Secretary of State Marco Rubio will visit Panama on his first trip abroad as the top U.S. diplomat after President Donald Trump’s calls to seize the country’s canal, three unnamed officials told Politico on Wednesday.
The trip, which is scheduled from late January into early February, also includes stops in El Salvador, Guatemala, Costa Rica and the Dominican Republic, according to the outlet. The plans are reportedly tentative.
“We won’t continue to ignore the region as other administrations have,” Tammy Bruce, a spokeswoman for the State Department said on Wednesday, the outlet reported. “Engaging with our neighbors is a vital element in addressing migration, supply chains and economic growth, which are key to Secretary Rubio’s pursuit of foreign policy focused on making America strong, prosperous, and safe.”
Bruce added that Rubio chose to prioritize the Western Hemisphere first because “it’s where we live.”
Rubio is expected to visit the country in an attempt to advance two of the president’s key campaign promises: curtailing illegal migration through Central America to the U.S. southern border and reasserting American control over the Panama Canal, officials told the outlet.
“The Panama Canal belongs to Panama and will continue to belong to Panama,” Panamanian President José Raúl Mulino said at the World Economic Forum in Davos on Wednesday. “The Panama Canal is not a concession or a gift from the United States.”
“We gave it to Panama, and we’re taking it back,” Trump said during his inaugural address, characterizing former President Jimmy Carter’s treaty ceding the canal to Panama as a “foolish gift.” Trump also expressed concern over Chinese management of the certain ports along the canal.
China has expanded its footprint in the canal significantly over recent years, with the China-based Landbridge Group acquiring control over Margarita Island — home to Panama’s largest Atlantic port — in 2016. Additionally, the Panamanian government renewed in 2021 the lease of Hong Kong-based Hutchison Ports PPC, which operates the ports of Balboa and Cristobal, two major trade hubs in the canal’s Pacific and Atlantic outlets, respectively.
During his Senate confirmation hearing, Rubio warned that Chinese companies would have no choice but to “shut [a port] down and impede our transit,” should China order them to do so, noting that there are no “independent” Chinese companies.
U.S. critics say that China’s increasing presence in the area endangers the neutrality of the canal, one of the stipulations in Carter’s treaty.
Carter signed a treaty in 1977 to gradually cede the Panama Canal, which the U.S. constructed under President Theodore Roosevelt, to its host country. The treaty also mandated that all U.S. military bases in Panama be transferred to Panamanian control, drastically reducing the American presence along the strategically important waterway.

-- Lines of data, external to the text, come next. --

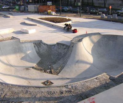 Derweil wird am kommenden Samstag, 10. Mai, im neuen Skatepark von Brüssel (Photo, das Ding ist natürlich mittlerweile fertig gebaut) die „Fiesta de Ursulines“ zelebriert. Auch hier lassen die Bilder am besten erahnen, dass sich hier das ein oder andere Stündchen mit dem Rollbrett zubringen lässt. Der Park befindet sich in der Rue de la Chapelle / Kapellestraat, am Square des Ursulines. Den Spot kennt jeder Brüsseler, ist also nicht schwer zu finden.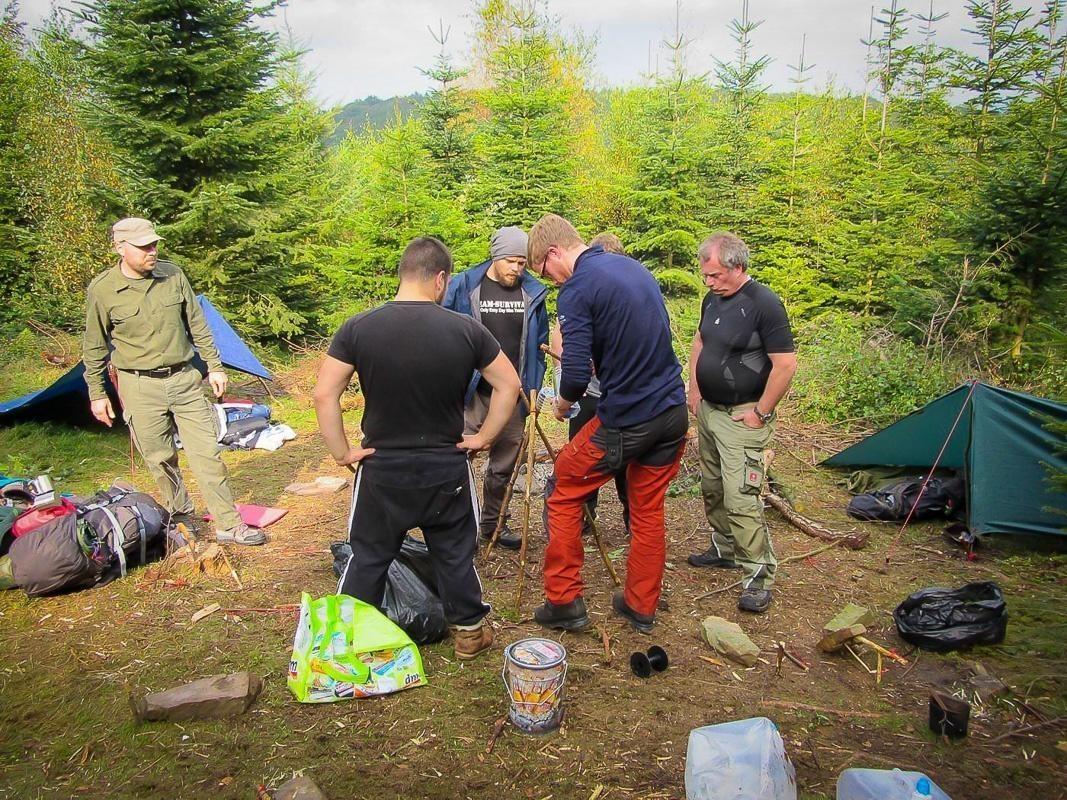 Gruppe arbeitet an einer Holzstruktur im Camp, Rucksäcke und Ausrüstung liegen verstreut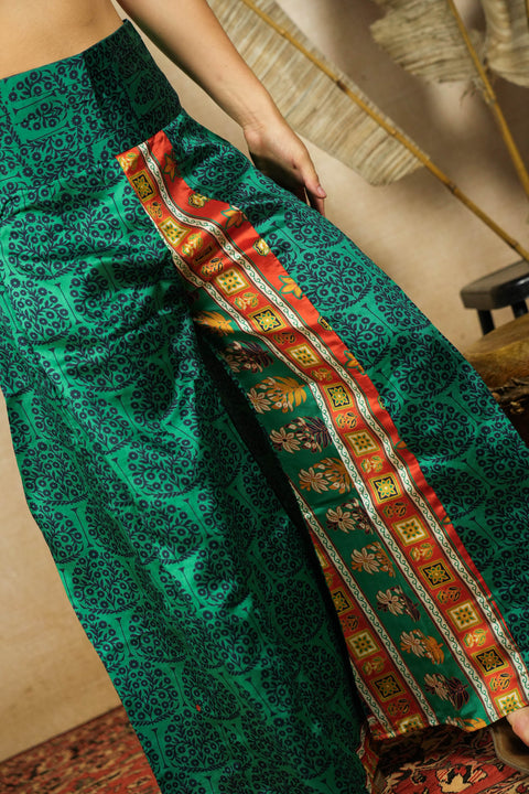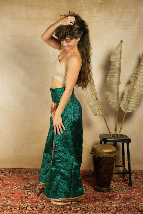 Deze broek is prachtig, met wijde lange pijpen en handgemaakt van hergebruikte stoffen die we van over de hele wereld verzamelen.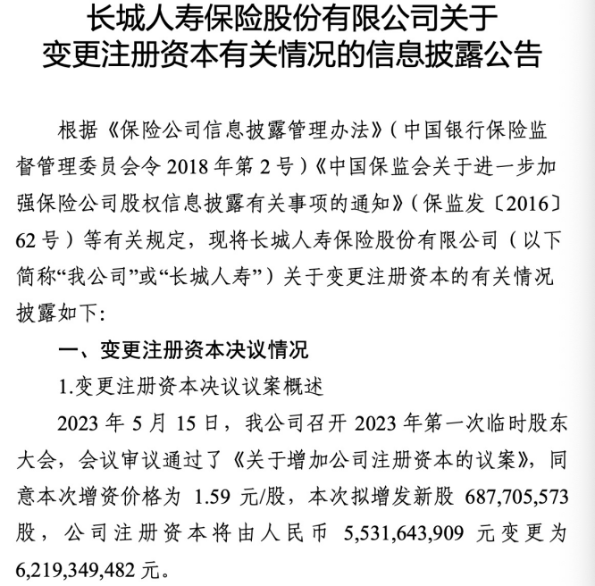 就在今年5月,长城人寿发布了一份增资公告,公司股东大会已审议通过《关于增加公司注册资本的议案》,注册资本将由55.32亿元变更为62.19亿元。

The president has also called for the U.S. to assert control over Canada and the Danish territory of Greenland. (RELATED: ‘All Of A Sudden You’re Concerned’: GOP Rep, CNN Host Tussle Over Potentially Using Military To Acquire Greenland)
The Senate unanimously confirmed Rubio as secretary of state Monday with a vote of 99-0.
The State Department did not immediately respond to the Daily Caller News Foundation’s request for comment.